5. The pixel circuit according to claim 4, wherein the pulse width signal generator comprises: an eleventh transistor, wherein a first end thereof is coupled to the control end of the fourth transistor, and a control end of the ninth transistor receives the first light-emitting control signal; the charge sharing switch that is a twelfth transistor, wherein a first end of the twelfth transistor is coupled to a second end of the eleventh transistor; a thirteenth transistor; a fourteenth transistor coupled with the thirteenth transistor between a second end of the twelfth transistor and a fourth reference voltage, wherein a control end of the thirteenth transistor receives the scanning signal, and a control end of the fourteenth transistor receives the second light-emitting control signal; a fifteenth transistor coupled between the second end of the twelfth transistor and a second data voltage, wherein a control end of the fifteenth transistor receives the scanning signal; a sixteenth transistor coupled between the first end and a control end of the twelfth transistor, wherein a control end of the sixteenth transistor receives the scanning signal; a seventeenth transistor coupled between the control end of the twelfth transistor and the third reference voltage, wherein a control end of the seventeenth transistor receives the pre-stage scanning signal; and a sixth capacitor coupled between the control end of the twelfth transistor and a sweep voltage.

6. The pixel circuit according to claim 5, wherein during a compensation and data input period, the eleventh transistor is controlled by the light-emitting control signal to be turned off, the seventeenth transistor is controlled by the pre-stage scanning signal to be turned off, the thirteenth transistor is controlled by the scanning signal to be turned off, the fifteenth transistor and the sixteenth transistor are controlled by the scanning signal to be turned on, and the sixteenth transistor is in a turned-on state.

7. The pixel circuit according to claim 5, wherein during the light-emitting period, the first transistor, the fifth transistor, the fifteenth transistor, and the sixteenth transistor are controlled by the scanning signal to be turned off, the tenth transistor is controlled by the scanning signal to be turned on, the ninth transistor and the tenth transistor are controlled by the first light-emitting control signal to be turned off, the third transistor and the eleventh transistor are controlled by the first light-emitting control signal to be turned on, the sixth transistor is controlled by the second light-emitting control signal to be turned off, the seventh transistor and the seventeenth transistor are controlled by the pre-stage scanning signal to be turned off, and the twelfth transistor is controlled by the sweep control signal to change from a turned-off state to a turned-on state to perform the charge sharing, so that the eighth transistor, the fourth transistor, and the second transistor change from the turned-on state to the turned-off state.
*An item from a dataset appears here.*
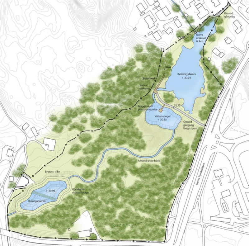 Två nya dammar har anlagts uppströms den befintliga dammen Dammträsk. Först passerar vattnet en renande fördamm där det renas från olja och större partiklar som sand och grus. Vattnet rinner sedan vidare i ett slingrande dike till den övre dammen. Här finns även en brygga som man kan gå ut på. Den öppna vattenspegel som är Dammträsk idag bibehålls.

8. The pixel circuit according to claim 5, wherein the second data voltage>the first data voltage>the first reference voltage=the power voltage>the fourth reference voltage>the third reference voltage>the reference ground voltage>the second reference voltage.

9. The pixel circuit according to claim 1, wherein the driving current generator is configured to adjust a magnitude of the driving current provided to the light-emitting device, and the pulse width signal generator is configured to adjust time of providing the driving current to the light-emitting device.

10. A display panel, comprising: a plurality of pixel circuits according to claim 1, wherein the pixel circuits are arranged into a display array.